The core helper function **get_summary_codes** in the `sql.mechanic` package takes in a string that specifies a table's database name, schema name, and table name. It outputs an SQL query that summarizes the table's column statistics.

If you don't have much time to read or just want a quick solution, jump to [**Example 2**](#example-2-automatically-summarize-tables-in-your-databases).

## Intended User

- If you work with tables inside databases hosted on powerful servers (usually on-premise) but have limited compute resources (e.g. RAM, GPU, CPU) for advanced BI tools (e.g. Python, R, SAS, etc.).

- If it's much cheaper for you to use database servers than analytics servers (e.g. those for Python, R, etc.) either on-premise or on the cloud.

## Limitations

- You probably want to understand how [**Example 2**](#example-2-automatically-summarize-tables-in-your-databases)affect the CPU and disk usage of your database server, to avoid bad surprises on your server's resource usage.

- If you use the setup of [**Example 2**](#example-2-automatically-summarize-tables-in-your-databases)on a cloud database, you **MUST** do some testing, to understand how the example affects the CPU and disk usage of your cloud resource. Please avoid potentially expensive mistakes.

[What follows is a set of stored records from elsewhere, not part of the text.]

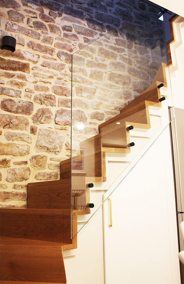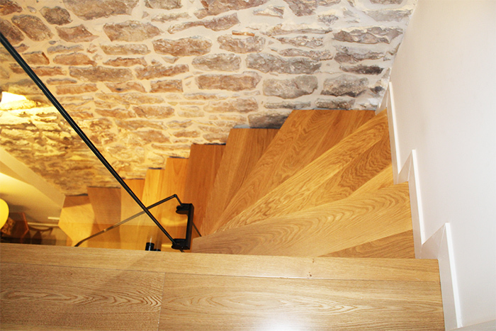 Se trata de una escalera de chapa plegada de acero al carbono, forrada posteriormente con peldaños de madera para que la estructura metálica quede oculta. Un armario diseñado a medida, ubicado bajo la escalera, ayuda a ocultar la estructura de metal que sostiene y da rigidez a la escalera.
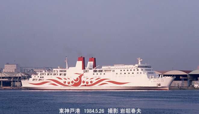 四国中央フェリーボート 「かわのえ」が入港。1973年に就航した3000トン級フェリー。愛媛県の新居浜市と川之江市から阪神に来ていた。
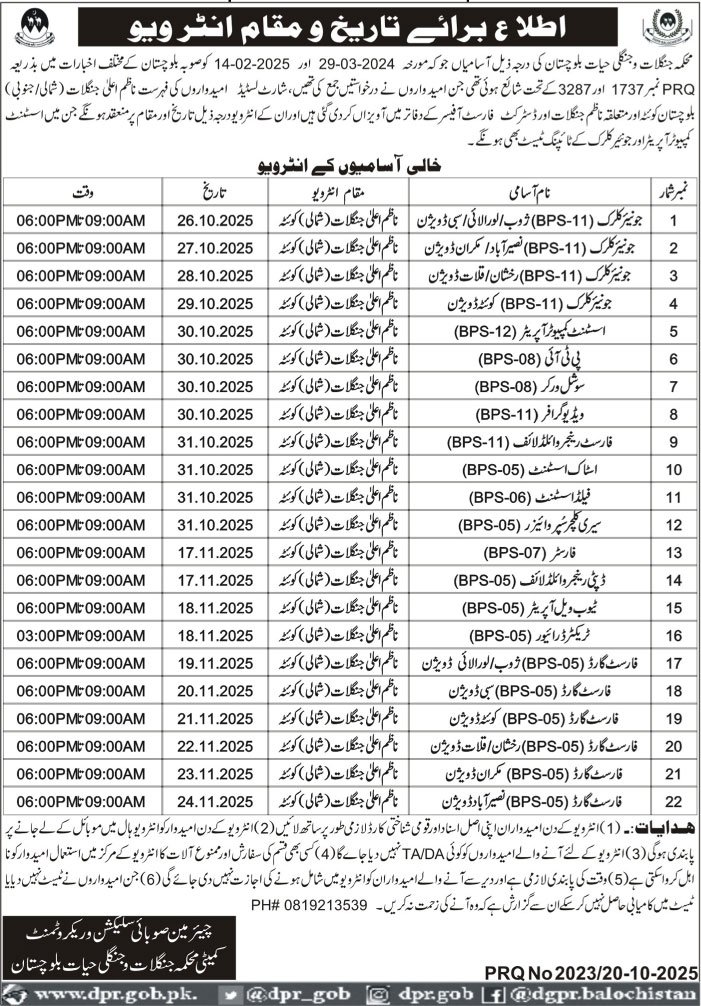 The following posts of the Balochistan Forest and Wildlife Department, which were advertised in various newspapers of Balochistan on 29-03-2024 and 14-02-2025 under PRQ No. 1737 and 3287, respectively, for which candidates had applied, the list of shortlisted candidates has been displayed in the offices of the Director General of Forests (North/South) Balochistan, Quetta, and the respective Directors of Forests and District Forest Officers. Their interviews will be held on the following dates and at the following venues, which will also include a typing test for Assistant Computer Operator and non-clerk posts.

- Currently, the function only works with Microsoft SQL Server and Netezza databases. Feel free to contribute to the codes, if interested.

## Credits

Specail credits: the R codes in this package are built on top of Gordon S. Linoff's book *Data Analysis Using SQL and Excel, 2nd Edition*. His work has been a tremendous inspiration for the creation of this package.

## Example 1: Generate SQL queries and execute them in DMBS

### Step 1: Install packages

You can install the library from my GitHub. If you have concerns regarding the package's security, you can download, check, and use the "get_summary_codes.R" file directly.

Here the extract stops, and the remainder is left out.